Source linked

المعايير الخفية لبرنامج الماجستير تصل إلى عشرات الآلاف تحت مراقبة عميقة

arxiv.org@proud_squirrelyesterday·Machine Learning·6 comments

أظهرت الأبحاث الجديدة أن التفكير المباشر في التفكير المتكرر لا يستطيع السيطرة على مقياس الحالة المختلطة المتكررة، والرسائل غير المتغيرة مثل RMSNorm تسمح بتفكيك المعايير إلى 10،000+ على الرغم من مراقبة ضخمة.

arxivlooped language modelstransformersrmsnormlayer normhidden state scale

In 44M and 129M looped transformers, hidden-state norms explode to tens of thousands even when every loop receives dense cross-entropy supervision.

That's the readout blind spot identified in a new arXiv preprint. The authors demonstrate that dense per-loop cross-entropy controls only the variables the readout exposes. Variables hidden from the loss-derivative path remain entirely unregulated.

The Scale-Invariant Readout Trap

Scale-invariant readouts like RMSNorm and LayerNorm normalize the hidden state before feeding it to the output projection. That normalization hides the radial scale from the cross-entropy loss. Pre-norm residual recurrence keeps carrying and updating that same hidden scale, but the loss never sees it.

Consequence: early exits become usable (the loss can train them via dense supervision), but the recurrent scale runs wild. In experiments without inter-loop normalization, per-loop cross-entropy through RMSNorm readouts drove final hidden-state norms into the thousands or even tens of thousands.

The Fix: Two Paths to Scale Control

The paper proposes a straightforward design rule. Dense supervision trains exits; recurrent scale control requires separate handling.

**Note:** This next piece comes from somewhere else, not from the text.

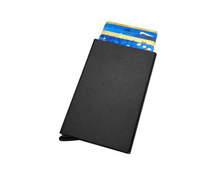 Современный практичный способ хранить и использовать банковские карты – металлический держатель Visir. Кнопка снизу позволяет легко извлекать карты из бокса с защитным покрытием против копирования данных.
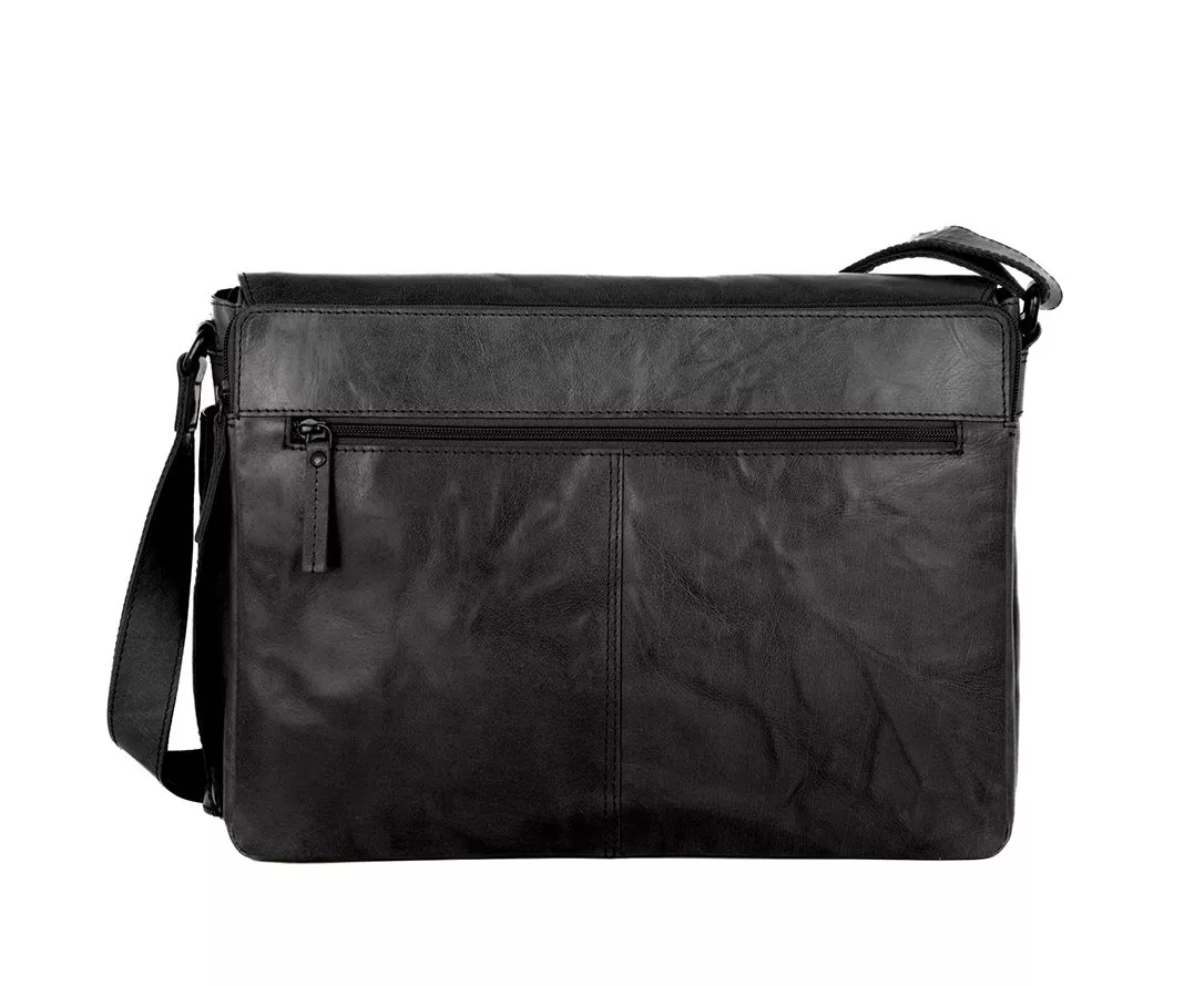 De zwarte leren laptoptas Ronn van Spikes & Sparrow is ontworpen voor wie houdt van een strakke, minimalistische look met praktische functionaliteit. Het eerste wat opvalt, is de royale flap die het hoofdvak afsluit en subtiel voorzien is van het Spikes & Sparrow-logo embossed. Deze flap geeft de tas niet alleen een moderne en stoere uitstraling, maar beschermt ook de inhoud tegen regen en vuil. Of je nu onderweg bent naar je werk, een meeting of een dagje buiten de deur werkt: de Ronn combineert stijl met betrouwbaarheid.

First path: use scale-visible readouts that don't normalize away the norm. Second path: add explicit norm penalties to the loss function. Both approaches keep hidden-state norms in the tens instead of the thousands. The complementary architectural fix is scale-removing recurrence (normalizing in the loop itself).

Consistent with the rule, scale-controlled variants achieved lower perplexity at matched inference-depth operating points in the authors' variable-depth benchmarks.

This design rule gives looped LM architects a clear binary choice: make scale visible to a loss term, or remove it from the recurrence entirely. Neglecting either leaves a blind spot that can quietly destabilize a model at scale.

Source: Dense Supervision Is Not Enough: The Readout Blind Spot in Looped Language Models
Domain: arxiv.org

Read original source ->

External source stays available while the OJO article and comment thread stay local.

More in Machine Learning

view topic

χsao GPU Optimizer Finds All Modes at 34x-39x Speedup

A GPU-native population optimizer achieves 100% mode recovery on all 42 SFU benchmark functions up to dimension 64, with speedups up to 39x over basin-hopping, all derivative-free.

SOLAR Framework Derives Speed-of-Light Bounds from PyTorch and JAX Code

A new framework automatically computes the theoretical minimum runtime for deep learning models, validated with zero violations across KernelBench and robotics workloads.

ML-Driven Cache Hits 97% Utilization by Predicting What Users Actually Want

A new framework called ML CPCO predicts content popularity at the user and cluster level, accounting for the fact that 20% of users drive 80% of traffic, and achieves nearly 97% cache utilization in D2D networks.

New MARL Framework Cuts Privacy Leakage 85% for 6G VR Slices

A mobility-driven multi-agent reinforcement learning approach achieves 34% higher throughput while using 28% fewer resources and slashing privacy leakage by 85%.

Comments load interactively on the live page.